And it is this special case where in versions below 11.2.0.3 a silly bug in the code leads to incorrect cost estimates: When putting together the number of blocks that should be used for sampling and those that are extrapolated for the whole table the code copies the wrong number into the table stats - it uses the number of blocks to sample instead of the assumed table size.
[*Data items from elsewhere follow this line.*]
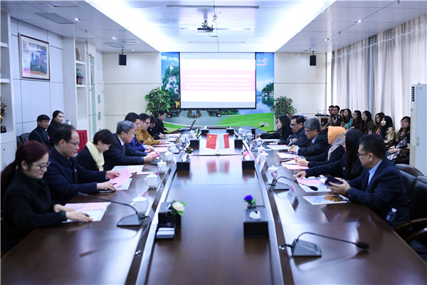 2019年3月6日,印度尼西亚共和国驻华大使Djauhari Oratmangun访问我校,陪同大使来访的人员还有印度尼西亚共和国驻广州总领馆总领事Gustanto、文化领事Siti Hajar Hapsari、副文化领事Raffaelia Sanzio Rodiman。校长贺祖斌、副校长苏桂发、桂林市外事侨务办公室相关负责人出席座谈,校行政、国际合作与交流处主要负责人以及我校印尼留学生代表四十余人参加了会议。座谈会在学校育才校区国际教育交流中心201会议室举行。
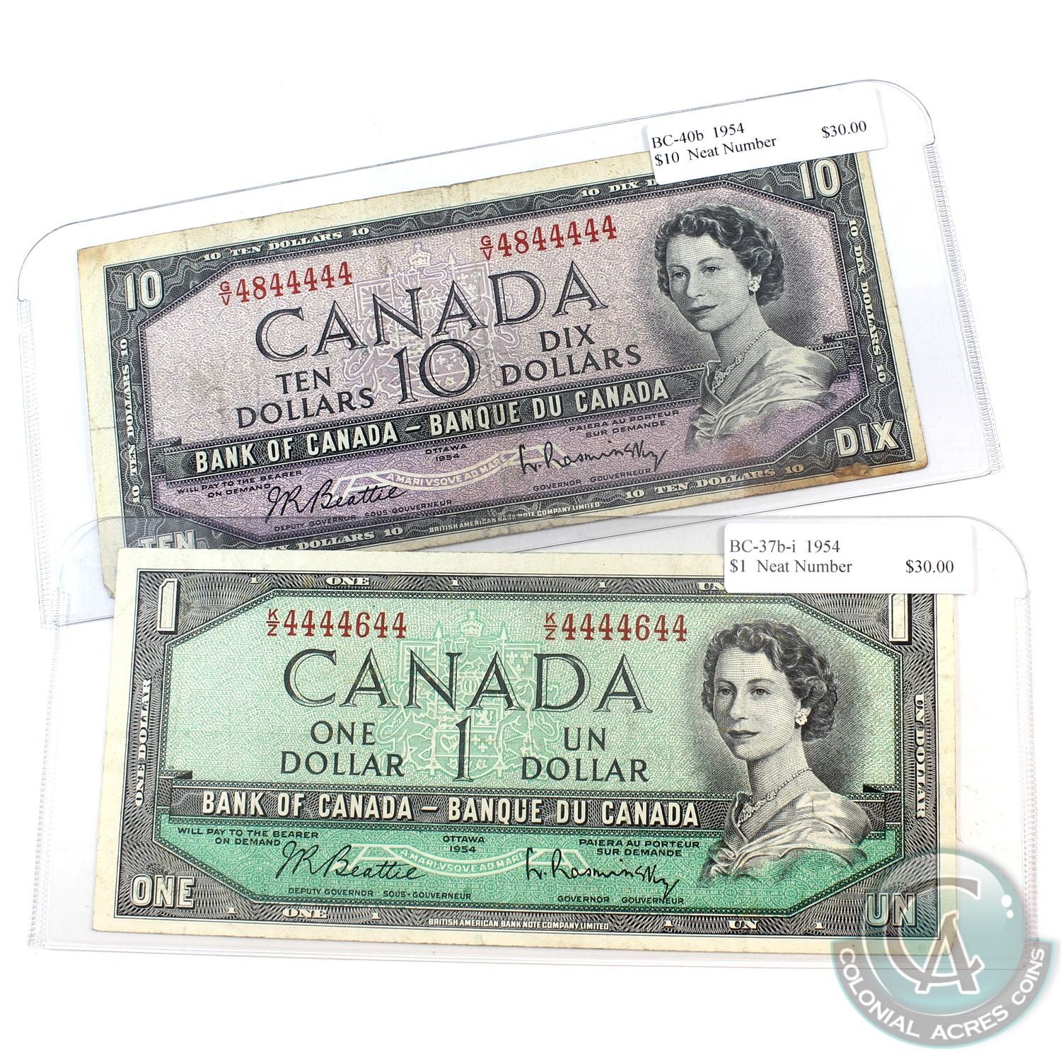1954 $1 BC-37b-i, Neat Number Serial K/Z4444644 & 1954 $10 BC-40b, Near Number Serial G/V4844444. 2pcs
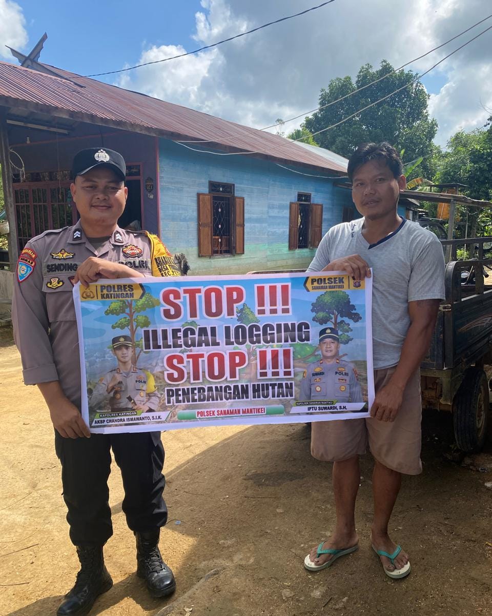 Kapolres Katingan AKBP CHANDRA ISMAWANTO , S.I.K.,melalui Kapolsek Sanaman Mantikei IPTU SUWARDI , S.H menjelaskan kegiatan Bhabinkamtibmas jajaran Polres Katingan dengan cara sosialisasi kepada masyarakat agar mengerti dan memahami tentang larangan dan sangsi bagi pelaku pekerja Ileggal Loging serta mengerti bahwa dampak dan akibat yang di timbulkan akibat Ileggal Loging tersebut.
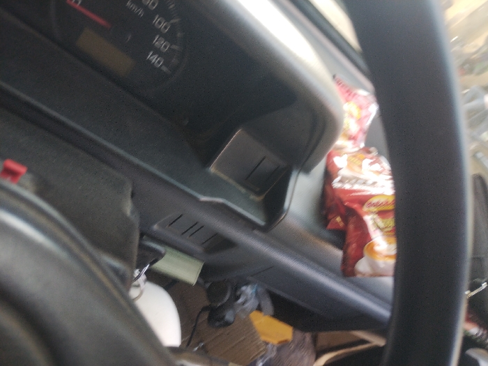 The scene depicts the interior of a vehicle, located in Fagge C, Nigeria, viewed from the driver's perspective looking forward. A dark-colored steering wheel rim occupies the right and bottom-left portions of the frame. The dashboard, primarily dark grey, shows a speedometer on the upper left, marked in kilometers per hour with visible increments for 80, 100, 120, and 140; the needle rests at or near zero. Below this, a rectangular digital display is partially visible. On the passenger side of the dashboard or an adjacent storage area, at least two red and orange plastic bags, consistent with packaged snacks (one bag partially legible as "CHEAP" and "Crunchies"), are present. Beneath the central dashboard, horizontal slats, possibly air vents or storage slots, are visible. The lower section of the image, representing the floor or footwell area, contains miscellaneous items including a white cylindrical object, black wires, and scattered brown and yellow debris. No individuals are present, and no specific actions or interactions are occurring.
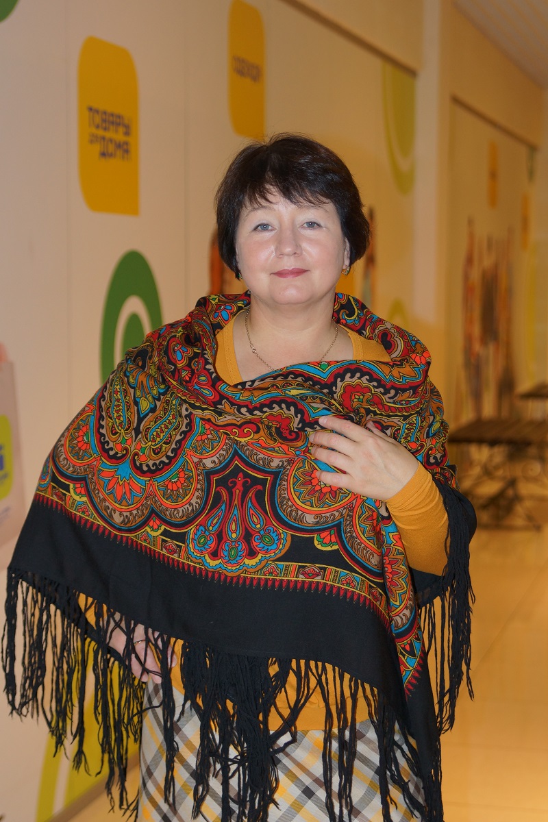 Женя тоже примеряла и красовалась в замечательных платочках. И, поверьте, ее грациозностью и удивительным умением завернуть и уложить платок трудно не восторгаться! А самое интересное, Женя принесла неизвестный платочек-старинку. Вроде, его фотографировали. Может, выложат девочки в другой теме...[/quote]
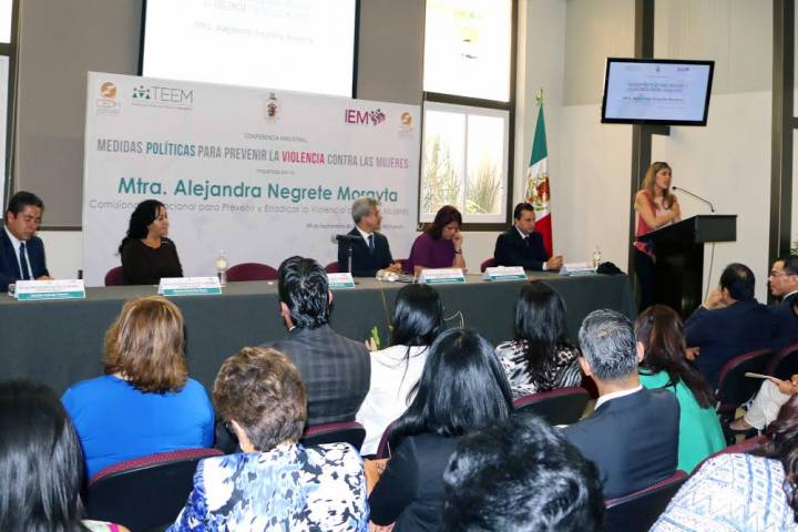 Al impartir su conferencia la Maestra Alejandra Negrete Morayta, Comisionada Nacional para Prevenir y Erradicar la Violencia contra las Mujeres, disertó sobre el tema con su ponencia "Medidas PolÃticas para Prevenir la Violencia contra las Mujeres" en un evento organizado por el Tribunal Electoral del Estado de Michoacán, en colaboración con el Instituto Electoral de Michoacán, la Comisión Estatal de Derechos Humanos y la Facultad de Der... Ver más...
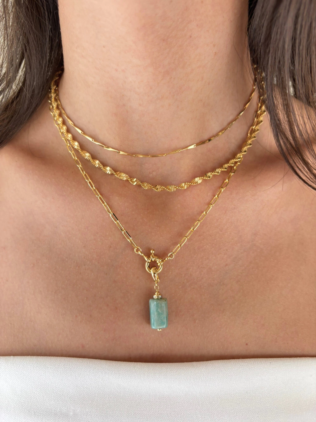 Nosso Pingente Amazonita é super interessante porque agrega informação de moda pra produção, já que é uma peça mais rústica, sem lapidação. Pode ser colocado em colares, pulseiras e até em brincos, uma peça super versátil e perfeita pra dar aquele up nas suas peças mais básicas! Fica lindo combinado com outros pingentes também, numa proposta mais cool e descolada :))
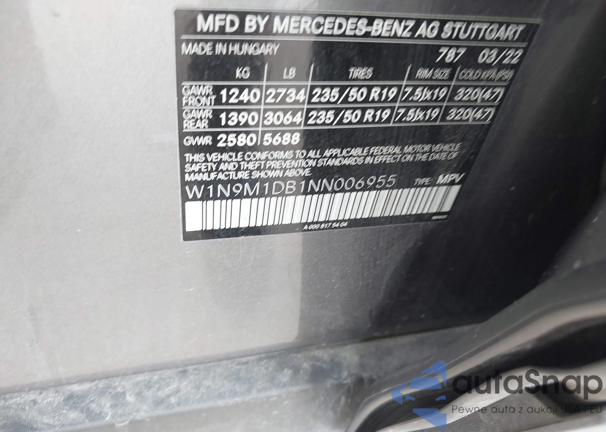 Автомобиль Mercedes-Benz EQB 2022 (VIN W1N9M1DB1NN006955) ранее не участвовал в торгах. Документы чистые, пробег соответствует или ниже среднего по рынку. Продаётся страховой компанией — рекомендуем покупку. Доставка в порт займет около 6–8 недель.
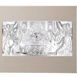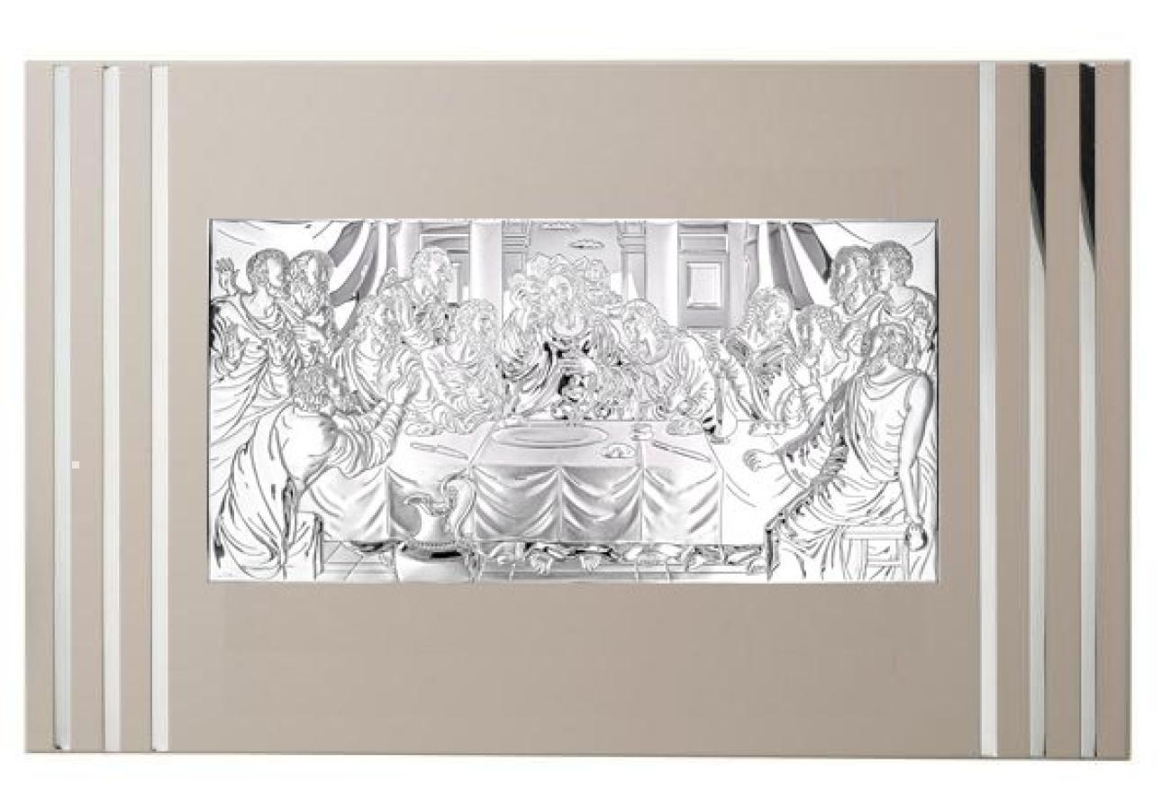 Ікона «Тайна Вечеря» зображує Ісуса Христа з апостолами та скорботне з ними застілля у вечір перед самим розп’яттям. Сюжет картини розкриває момент затвердження Христом Таїнства Святого Причастя. Сюжет цієї ікони написаний відомим іспанським художником Хуаном де Хуанесом приблизно у 1562 році. Рамка – шпон дерева бежево-сірого відтінку (змінюється в залежності від освітлення). З обох країв рамка має по три смужки з дзеркальним блиском, які надають іконі більш сучасного вигляду. Відтиск на виробі“Made of Miro-Silver“ гарантує, що кожен продукт є частиною колекції ручної роботи, виготовленої в Італії з високоякісних матеріалів та дорогоцінних металів. Образ створено за новітньою технологією обробки поверхні до якої входить шар чистого срібла 999,95%, що надає міцності покриттю та більшу стійкість до окислення. На звороті ікона має підставку та отвір щоб її повісити на стіну. Ікона Тайна Вечеря буде оригінальним та пам’ятним подарунком на новосілля, весілля, ювілей та інші події. Розмір разом з рамкою – 68х42 1см. Розмір самої ікони – 39х19 см.

This can lead to a dramatic cost underestimate for a corresponding full table scan operation.
The issue seems to be fixed in 11.2.0.3, but you can see in above excerpt from 11.2.0.1 the problem by checking carefully these lines:
...
** Dynamic sampling updated table stats.: blocks=1496 <=== wrong number copied from below
...
block cnt. table stat. : 1496 <=== this should be on the next line
block cnt. for sampling: 17952 <=== this should be on the previous line
partition subset block cnt. : 1496
The two figures "block cnt. for sampling" and "block cnt. table stat." are swapped - and the wrong number is copied to the table stats line.
This will result in a potential underestimate of the table blocks. The first plan is generated with the session level 5 sample size where the bug copies the wrong number of blocks:
---------------------------------------+-----------------------------------+---------------+
| Id | Operation | Name | Rows | Bytes | Cost | Time | Pstart| Pstop |
---------------------------------------+-----------------------------------+---------------+
| 0 | SELECT STATEMENT | | | | 246 | | | |
| 1 | PARTITION RANGE ALL | | 996K | 89M | 246 | 00:00:03 | 1 | 12 |
| 2 | PARTITION HASH ALL | | 996K | 89M | 246 | 00:00:03 | 1 | 32 |
| 3 | TABLE ACCESS FULL | T | 996K | 89M | 246 | 00:00:03 | 1 | 384 |
---------------------------------------+-----------------------------------+---------------+
The second plan is generated for the same data set but using the table level 5 sample size that results in using the different code path that is not affected by the bug:
---------------------------------------+-----------------------------------+---------------+
| Id | Operation | Name | Rows | Bytes | Cost | Time | Pstart| Pstop |
---------------------------------------+-----------------------------------+---------------+
| 0 | SELECT STATEMENT | | | | 3637 | | | |
| 1 | PARTITION RANGE ALL | | 970K | 86M | 3637 | 00:00:44 | 1 | 12 |
| 2 | PARTITION HASH ALL | | 970K | 86M | 3637 | 00:00:44 | 1 | 32 |
| 3 | TABLE ACCESS FULL | T | 970K | 86M | 3637 | 00:00:44 | 1 | 384 |
---------------------------------------+-----------------------------------+---------------+
Note that although a minor discrepancy might be explained by the different sample sizes a cost estimate difference by an order of magnitude is clearly questionable.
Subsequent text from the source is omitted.